After PSM, the characteristics of cGVHD were well-balanced in the two groups (Table 1). The PSM analysis confirmed the findings of superior outcomes in the PRD + AZP group. Two-year FFS was significantly better in the PRD + AZP (36.4%) than the PRD group (16.8%, p < 0.001). The cumulative incidence of TFR for frontline treatment at 2 years was also lower in the PRD + AZP group (52.4% versus 70.1%, p = 0.013). There were no significant differences in NRM or relapse rate at 2 years, but a trend towards longer OS was again observed in the PRD + AZP group of the PSM cohort (85.3% [72.6–92.4%] at 2 years in PRD + AZA group versus 75.9% [63.1–84.8%] in PRD group, p = 0.066).

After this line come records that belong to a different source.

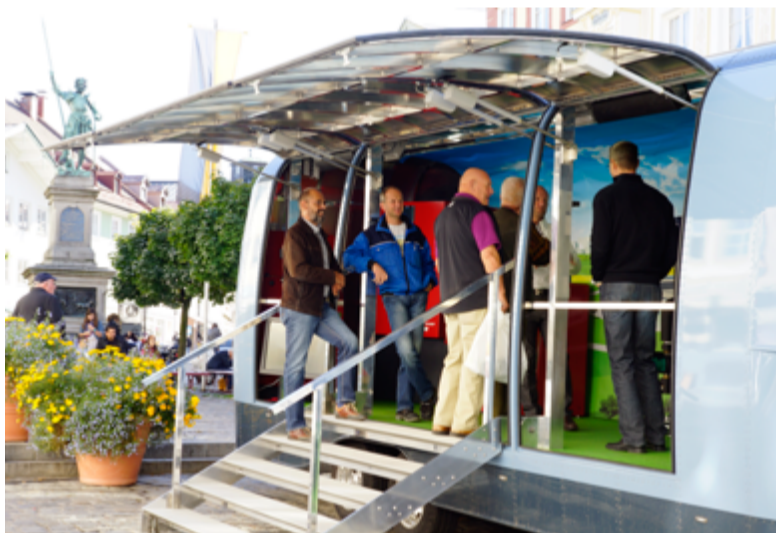
Achten Sie am 9. Mai auf diesen Truck. Hier sind alle am Thema Wärme Interessierten herzlich willkommen!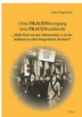
Ohne FRAUENbewegung kein FRAUENwahlrecht Ladenpreis: 17,90 EUR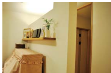
間接照明で雰囲気いいでしょ♪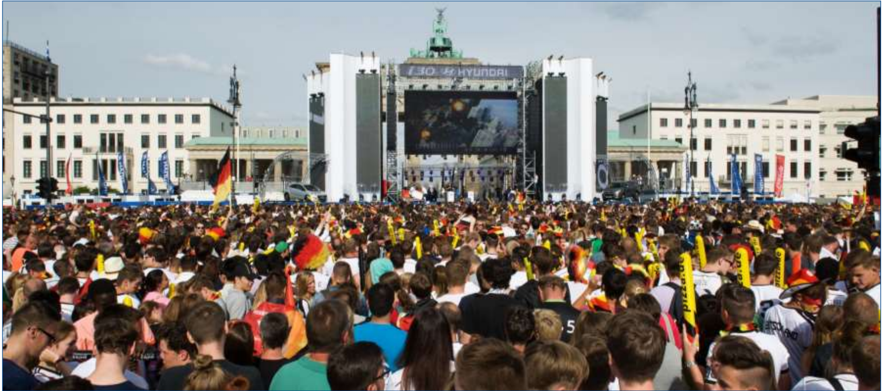
Werbespots bei Public Viewings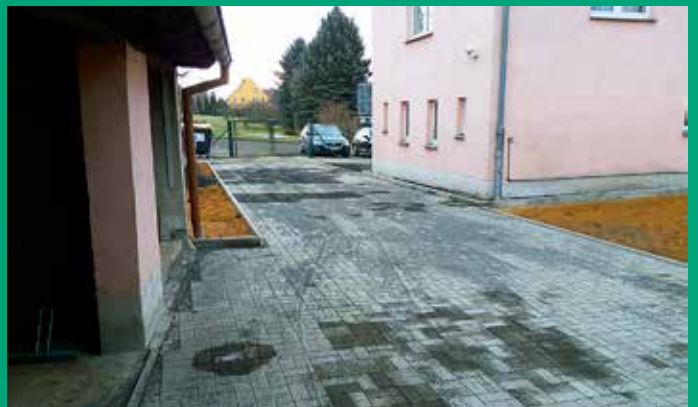
Erneuerung Außenanlagen Kinderhaus „Sonnenblume“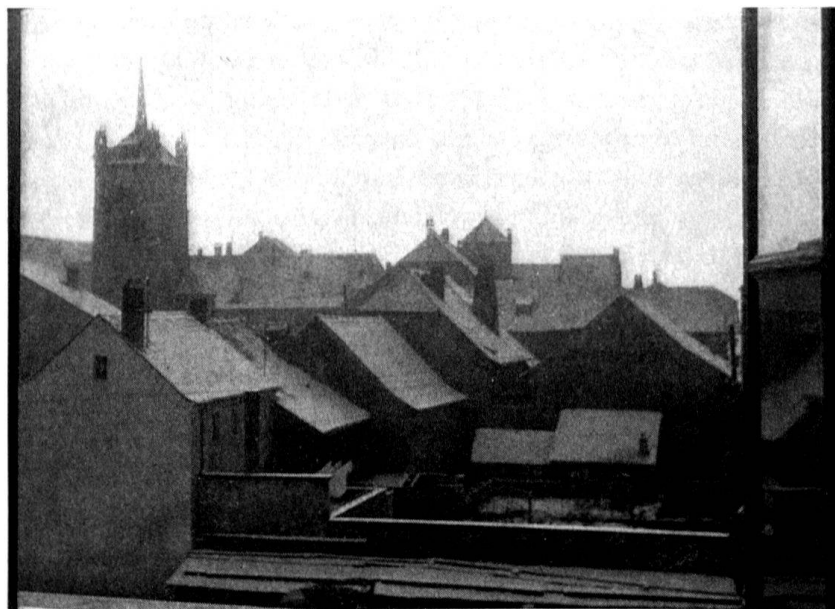
Avenches, vue prise depuis le collège montrant au premier plan cinq bâtiments démolis récemment

When confined to the same severity level according to the NIH consensus criteria, there was also a trend towards longer FFS in the PRD + AZP group: the favorable effect of PRD + AZP was statistically significant in the subgroup with moderate grade of cGVHD [FFS at 2 years (%); 30.5 versus 9.1, p = 0.001], but not in the mild and severe grades. Similar results were obtained for the cumulative incidence of TFR of frontline treatment at 2 years among the patients with moderate cGVHD; 56.2% (41.6–68.6%) in the PRD + AZP group and 71.4% (46.8–81.7%) in the PRD group (p = 0.035).

In addition, it was found that tapering of PRD dose < 0.5 mg/kg/day was more successful in the PRD + AZP group than in the PRD group: the cumulative incidence of PRD < 0.5 mg/kg/day at 6 months was 90.5% in the PRD + AZP group and 75.8% in PRD group (p = 0.018).

Although PSM analysis performed to overcome and control the imbalance of patients’ characteristics between PRD and PRD + AZP groups, the results of this study should be interpreted with caution given the nature of the retrospective analysis of this study, which would be weak evidence to support the role of AZP in cGVHD treatment compared the previous trial [7]. However, AZP added to a PRD-based regimen as the first-line treatment for cGVHD seems to improve FFS and may have a role as a steroid-sparing agent in the modern allo-HCT era. Since two thirds of the patients who required PRD-based treatment for cGVHD experienced the TF at 2 years, a better treatment strategy would be required. AZP could be worth reconsidered as a relevant option for a steroid sparing agent in cGVHD treatment.